### Task statement
From the listing below, set down exactly the lines between the one holding "Ainsley, John Mark" and the one holding "Masha, our wrap", inclusive. No other line is wanted.

### Records for this exercise

☆ ☆ ☆ ☆

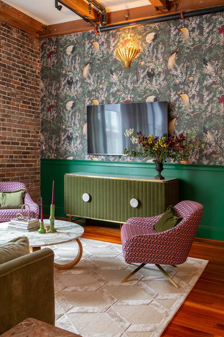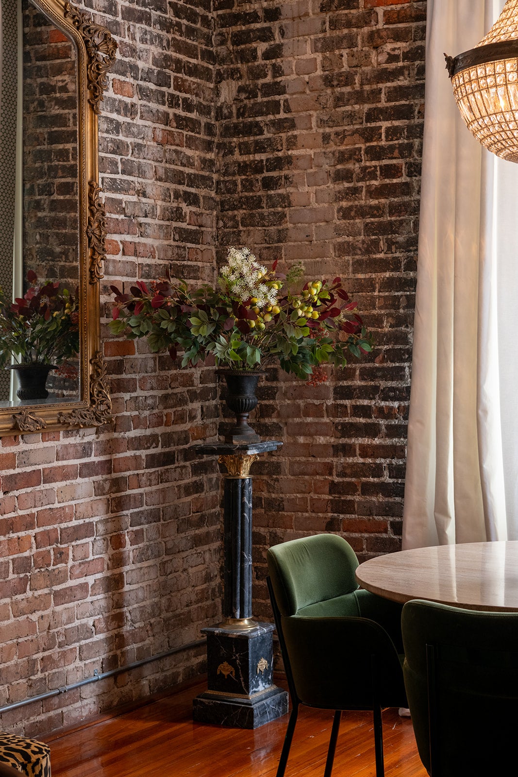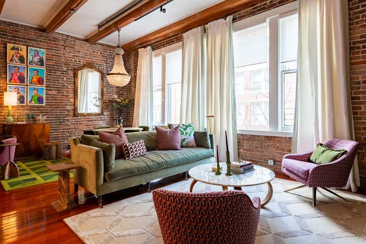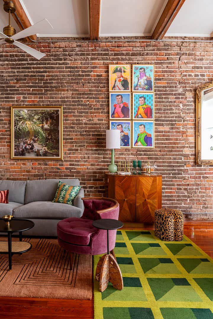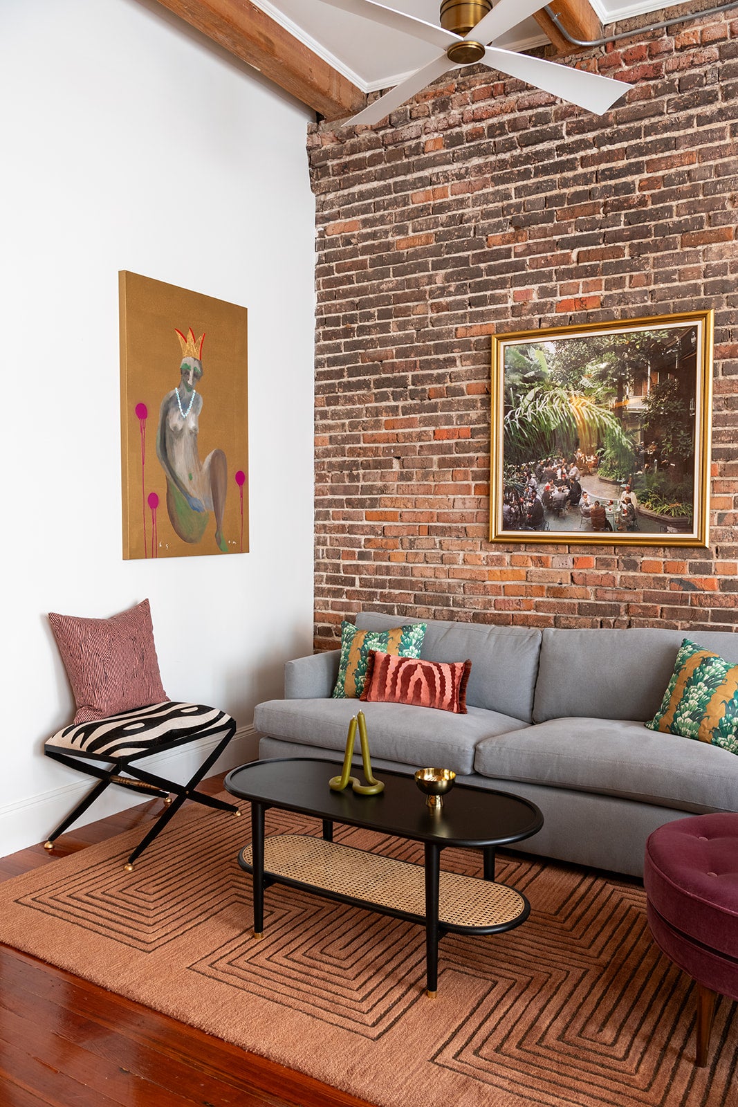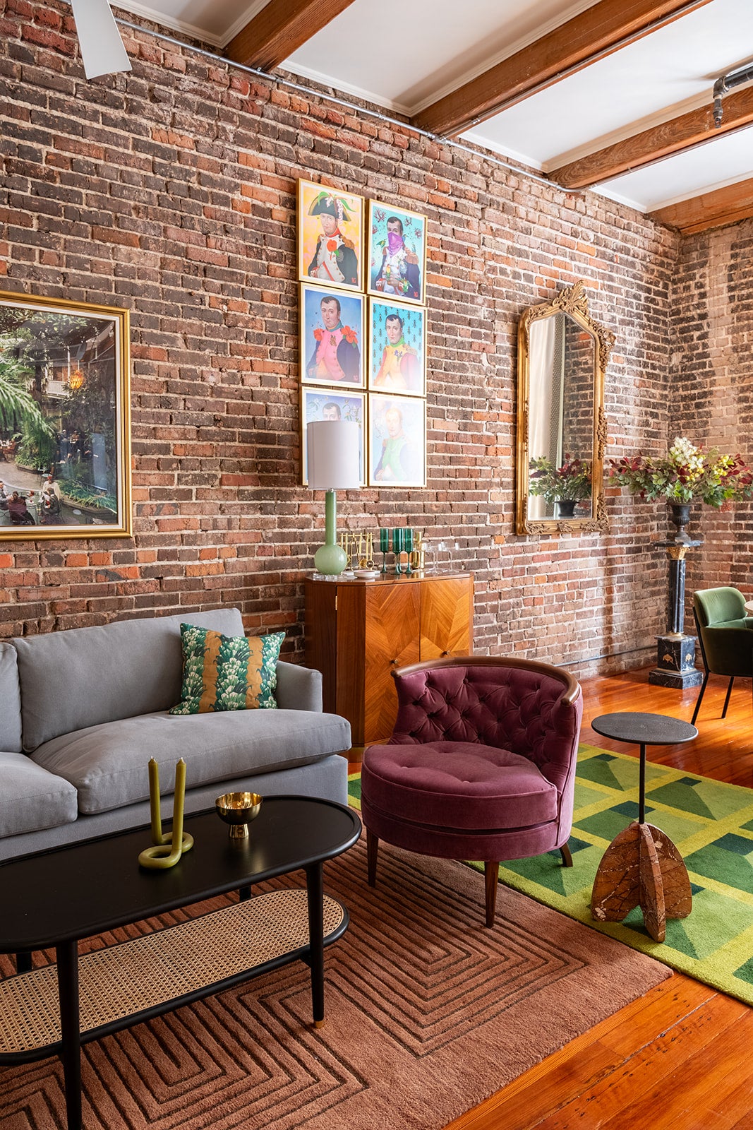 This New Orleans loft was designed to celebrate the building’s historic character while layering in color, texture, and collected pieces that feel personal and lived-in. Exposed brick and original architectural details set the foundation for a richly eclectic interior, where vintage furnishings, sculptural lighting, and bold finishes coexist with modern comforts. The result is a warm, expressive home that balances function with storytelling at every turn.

☆ ☆ ☆ ☆

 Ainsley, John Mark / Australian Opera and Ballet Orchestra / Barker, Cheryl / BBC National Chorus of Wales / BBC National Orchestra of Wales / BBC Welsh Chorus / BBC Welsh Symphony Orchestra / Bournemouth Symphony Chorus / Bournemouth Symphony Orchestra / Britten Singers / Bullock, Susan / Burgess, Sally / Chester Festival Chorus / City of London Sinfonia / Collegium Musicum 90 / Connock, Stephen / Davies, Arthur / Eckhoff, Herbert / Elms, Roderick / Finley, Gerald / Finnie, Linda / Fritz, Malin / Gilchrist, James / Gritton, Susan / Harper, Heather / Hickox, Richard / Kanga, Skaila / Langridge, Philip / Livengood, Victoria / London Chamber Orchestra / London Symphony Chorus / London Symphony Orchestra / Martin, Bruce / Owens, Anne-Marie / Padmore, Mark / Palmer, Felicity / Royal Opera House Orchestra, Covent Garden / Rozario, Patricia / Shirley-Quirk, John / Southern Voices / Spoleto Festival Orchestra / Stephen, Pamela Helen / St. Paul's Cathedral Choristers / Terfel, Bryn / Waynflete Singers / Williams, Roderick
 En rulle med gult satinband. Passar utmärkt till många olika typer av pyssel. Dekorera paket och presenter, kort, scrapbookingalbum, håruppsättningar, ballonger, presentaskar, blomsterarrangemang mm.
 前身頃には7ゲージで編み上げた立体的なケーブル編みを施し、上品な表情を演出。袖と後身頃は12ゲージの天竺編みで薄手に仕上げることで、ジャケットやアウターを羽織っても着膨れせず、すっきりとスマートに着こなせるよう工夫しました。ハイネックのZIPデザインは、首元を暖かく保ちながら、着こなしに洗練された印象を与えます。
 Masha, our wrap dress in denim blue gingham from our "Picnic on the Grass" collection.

☆ ☆ ☆ ☆

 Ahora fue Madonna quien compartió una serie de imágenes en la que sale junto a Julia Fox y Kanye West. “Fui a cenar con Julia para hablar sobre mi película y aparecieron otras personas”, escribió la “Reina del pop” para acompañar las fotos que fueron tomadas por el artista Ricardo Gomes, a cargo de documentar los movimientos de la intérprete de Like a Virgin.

☆ ☆ ☆ ☆

### Response to the task
 Ainsley, John Mark / Australian Opera and Ballet Orchestra / Barker, Cheryl / BBC National Chorus of Wales / BBC National Orchestra of Wales / BBC Welsh Chorus / BBC Welsh Symphony Orchestra / Bournemouth Symphony Chorus / Bournemouth Symphony Orchestra / Britten Singers / Bullock, Susan / Burgess, Sally / Chester Festival Chorus / City of London Sinfonia / Collegium Musicum 90 / Connock, Stephen / Davies, Arthur / Eckhoff, Herbert / Elms, Roderick / Finley, Gerald / Finnie, Linda / Fritz, Malin / Gilchrist, James / Gritton, Susan / Harper, Heather / Hickox, Richard / Kanga, Skaila / Langridge, Philip / Livengood, Victoria / London Chamber Orchestra / London Symphony Chorus / London Symphony Orchestra / Martin, Bruce / Owens, Anne-Marie / Padmore, Mark / Palmer, Felicity / Royal Opera House Orchestra, Covent Garden / Rozario, Patricia / Shirley-Quirk, John / Southern Voices / Spoleto Festival Orchestra / Stephen, Pamela Helen / St. Paul's Cathedral Choristers / Terfel, Bryn / Waynflete Singers / Williams, Roderick
 En rulle med gult satinband. Passar utmärkt till många olika typer av pyssel. Dekorera paket och presenter, kort, scrapbookingalbum, håruppsättningar, ballonger, presentaskar, blomsterarrangemang mm.
 前身頃には7ゲージで編み上げた立体的なケーブル編みを施し、上品な表情を演出。袖と後身頃は12ゲージの天竺編みで薄手に仕上げることで、ジャケットやアウターを羽織っても着膨れせず、すっきりとスマートに着こなせるよう工夫しました。ハイネックのZIPデザインは、首元を暖かく保ちながら、着こなしに洗練された印象を与えます。
 Masha, our wrap dress in denim blue gingham from our "Picnic on the Grass" collection.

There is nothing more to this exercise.